Deprecation Policy

Draft for discussion

Whether for APIs or end-user functionality, deprecation should follow a general pattern of flagging and then allowing time for community adaptation. Only after an appropriate time has passed should the deprecated element be removed. The appropriate amount of time will be determined by the case, but a standard measure should be in terms of feature releases - eg. it may be flagged as deprecated for 2.7 and then removed in 2.8.

What counts as appropriate flagging may also vary with the case. Purely technical method deprecation may be handled in the code itself, but deprecation of user-facing functionality should be prominently flagged in the release notes and announced on-list. The deprecated functionality should be disabled by a configuration property that the local institution may override. If the deprecated functionality is an entire tool, it should simply be stealthed.
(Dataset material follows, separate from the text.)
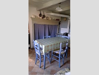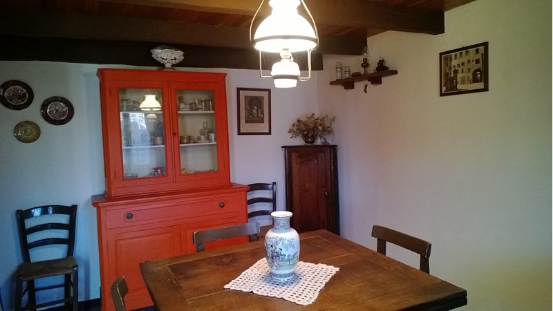 La casa è dotata di cinque camere di cui tre matrimoniali, un salottino e la sala pranzo. La cucina è provvista di un grande camino. Inoltre è presente un bagno con antibagno. Si accede alla cantina, che copre l’intera pianta della casa sia dall’interno che dal giardino. Lo stabile è in ottime condizioni, i pavimenti del piano terra e il tetto sono stati completamente rifatti recentemente con strutture portanti moderne ma finiture in stile. Il resto mantiene materiali originali molto ben trattati. I servizi (acqua ed energia elettrica) sono funzionanti ed attivi. Stufe a legna sono presenti per il riscaldamento degli ambienti. Gli ambienti sono totalmente arredati con mobili d'epoca. La casa è direttamente accessibile dalla strada che attraversa la borgata pur essendo in posizione rialzata. Insieme alla casa si vendono altre proprietà accessorie ed alcuni terreni ubicati in zona con caratteristiche di bosco ceduo e castagneto. In particolare il castagneto è vicinissimo alla casa e ospita un parcheggio privato per 2 macchine.

Deprecation decisions should be arrived at by consensus, and it will be the responsibility of the product council to document these outcomes or help forge this consensus where needed, though in matters of code maintenance the maintenance team should generally be deferred to.

Reasons for deprecation may include:

  • The functionality or code is no longer maintainable, or there are outstanding critical or blocker issues and no community resource is able to help
  • The functionality or code has been superseded by code or capabilities which meet the same requirements in an improved way (according to the consensus view), and the improvement has been demonstrated in production with a full release cycle

Deprecation decisions should happen during the same period in which new tools or capabilities are being considered for inclusion, and both before QA begins for a given release.

NB. If a blocker arises for a new capability during a QA cycle, and no one is available to fix it, the offending code may be simply removed. This is not deprecation.